Kaiser nennt hier das Lean Management aus den 1990er-Jahren, das bereits Prinzipien wie Dezentralisierung und Empowerment vertrat. IT mache solche Prinzipien in der Praxis möglich. Das bezieht sich zum Beispiel auf das Teilen und Verbreiten von Wissen in Unternehmen, wo Führungskräfte früher Herrschaftswissen hüteten. Und auf Daten-Management, das Sachbearbeitern Entscheidungen ermöglicht, die einst mittleren Managern vorbehalten waren.
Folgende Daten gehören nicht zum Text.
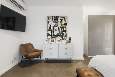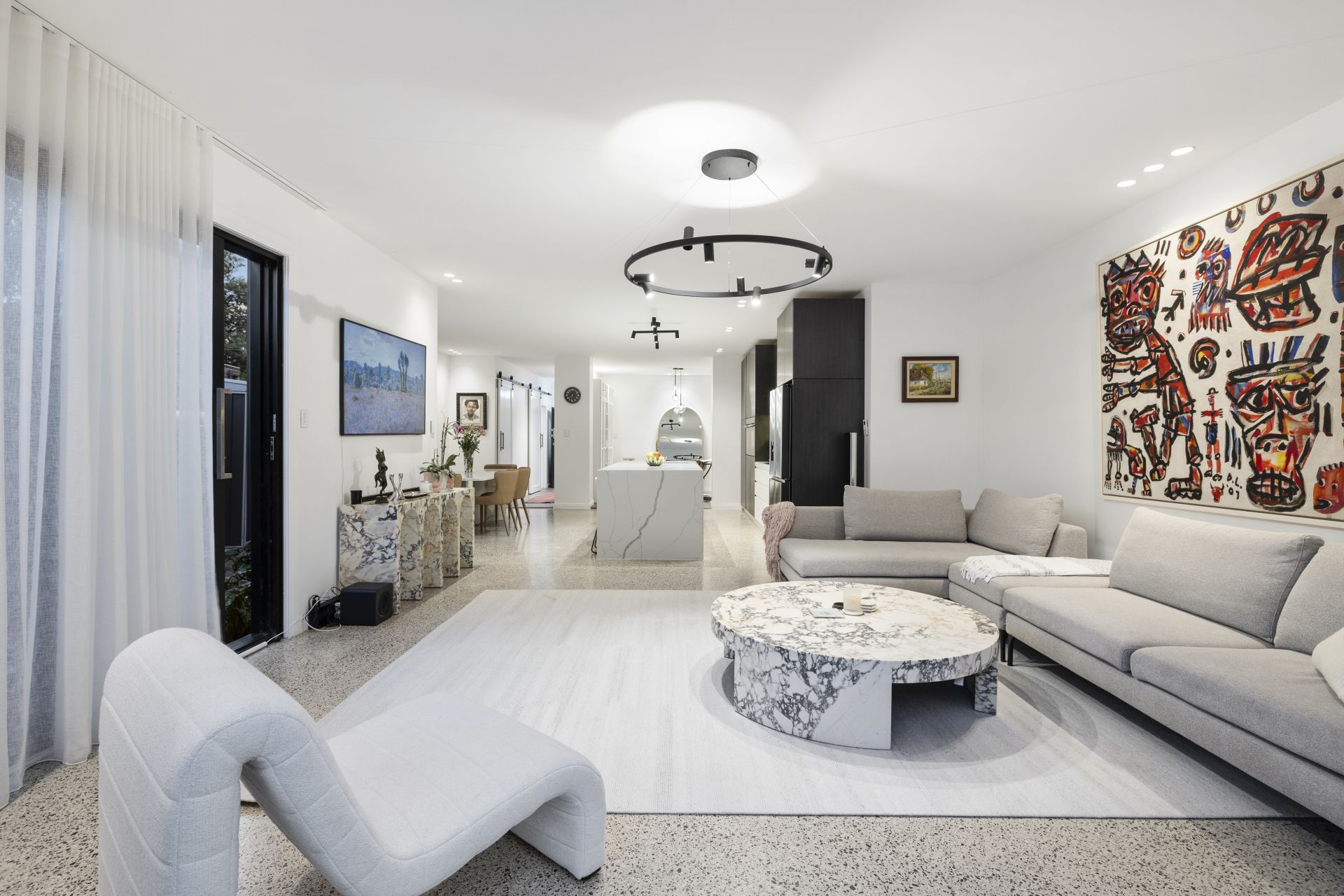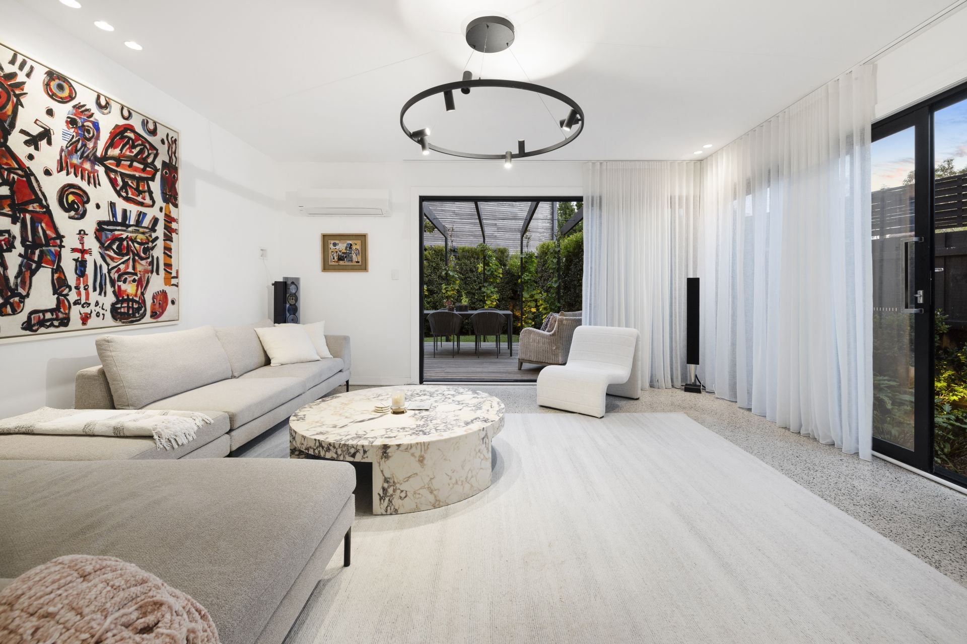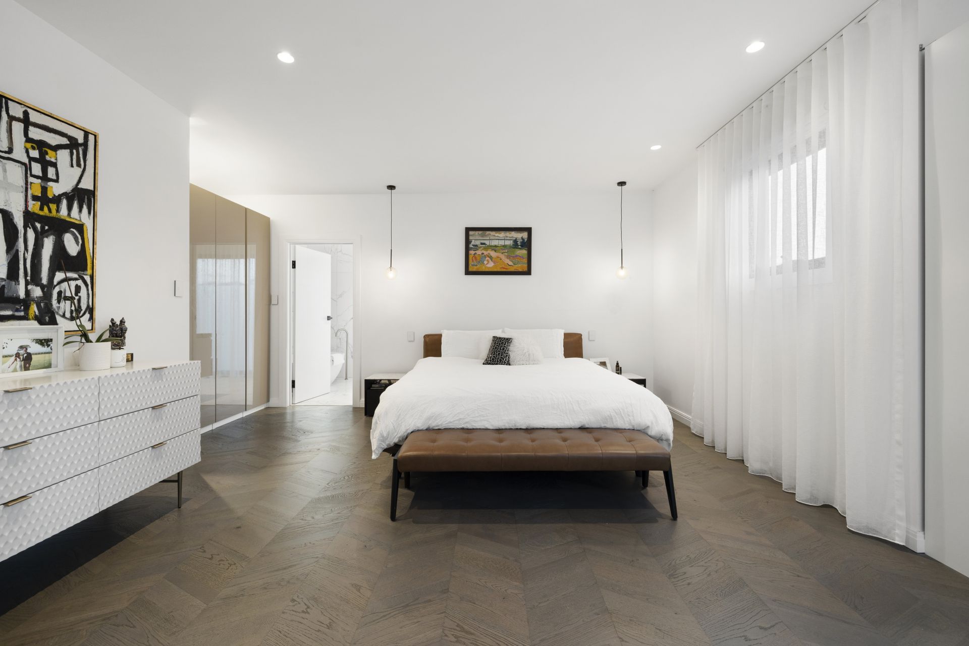Interiors have been meticulously revived and refined with chevron oak and polished concrete floors, dramatic ceiling heights, and luscious sheers filtering natural light across the double-storey floor plan.
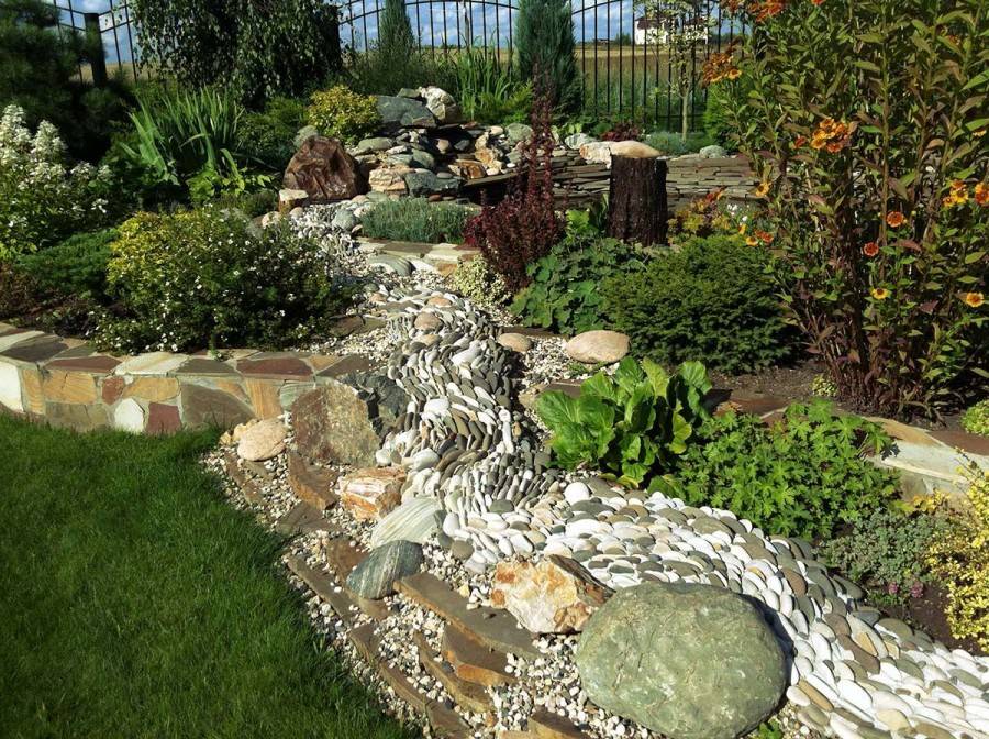 Сухой ручей на дачном участке отличается не только прекрасным внешним видом, но и простотой создания.
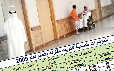 يوجد في الكويت الغنية  18 طبيب فقط لكل 10 ألاف نسمة وبالرغم من أن قيمة المؤشر في الكويت أفضل من المتوسط العالمي البالغ 14 طبيب لكل 10 آلاف نسمة إلا أن وضع الكويت أسوا بكثير من الحد الأعلى العالمي البالغ 64 طبيب وكذلك اقل من مستوى المؤشر في دولة خليجية مثل قطر (28) ودول عربية متوسطة الدخل مثل الأردن ومصر ( 26و24) واقل بكثير من دولة إسلامية مثل أذربيجان (38) واقل بقليل من دولة متقدمة مثل كندا (19).
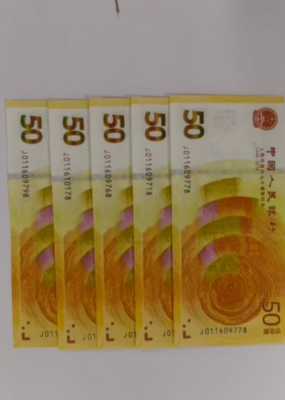 → 70钞 七十周年纪念钞 金钩 尾8 5张通出 750元 北方干货

Einen weiteren Motor erkennt Kaiser in Methoden wie Scrum, die aus der Software-Entwicklung kommen und sich in anderen Teilen des Unternehmens ausbreiten. Der Professor weiß, dass sich manches deutsche Traditionsunternehmen mit gewachsenen hierarchischen Strukturen in puncto Agilität schwer tut. So fürchten mittlere Manager und bisherige Projektleiter um ihre Position. "Ganz ohne Schmerz wird es nicht gehen", sagt Kaiser. Das sei für Unternehmen ein klassisches Change-Thema.

Stichwort Schmerz: Bei allen Vorteilen mobiler Arbeit zeigt die Studie auch Nachteile auf. So erklären 88 Prozent der Befragten, die persönliche Interaktion mit den Kollegen sei notwendig, um eine produktive und professionelle Arbeitsumgebung zu pflegen. In der Diskussion um die Analyse fiel das Stichwort der "digitalen Isolation", in die mobile Worker geraten können.

Wissenschaftlich noch nicht erforscht ist der sogenannte Flurfunk. Wer von zu Hause oder unterwegs aus arbeitet, sieht nicht, dass bestimmte Abteilungsleiter nicht mehr zusammen in die Kantine gehen oder dass Führungskraft X in der Kaffeeküche neuerdings immer so still ist. Es kann karriereschädigend sein, solche Informationen nicht mitzubekommen, weiß Kaiser. "Es müsste einen virtuellen Ersatz für den Flurfunk geben", überlegt er.

Der Chef als Gegenstand des Flurfunks

Aus der Gesprächsrunde bei der Vorstellung der Studie kommt die Idee auf, es sei Aufgabe der Führungskräfte, solche Defizite auszugleichen. Eine anwesende Betriebsrätin widerspricht. Es sind ja gerade die Führungskräfte, die diesen Flurfunk entweder gar nicht mitkriegen - oder nicht kapieren, dass sie selbst Gegenstand des Flurfunks sind, so ihre These.

Eines immerhin scheint festzustehen: Arbeiten alle Mitglieder eines Teams remote, ist das Thema überflüssig, ebenso, wenn alle vor Ort arbeiten. Die Unternehmenspraxis wird aber vermutlich zunehmend gemischte Teams sehen. Personalmanagement-Professor Kaiser jedenfalls nimmt das Stichwort "Flurfunk" als potenzielle Forschungsfrage mit ins Büro.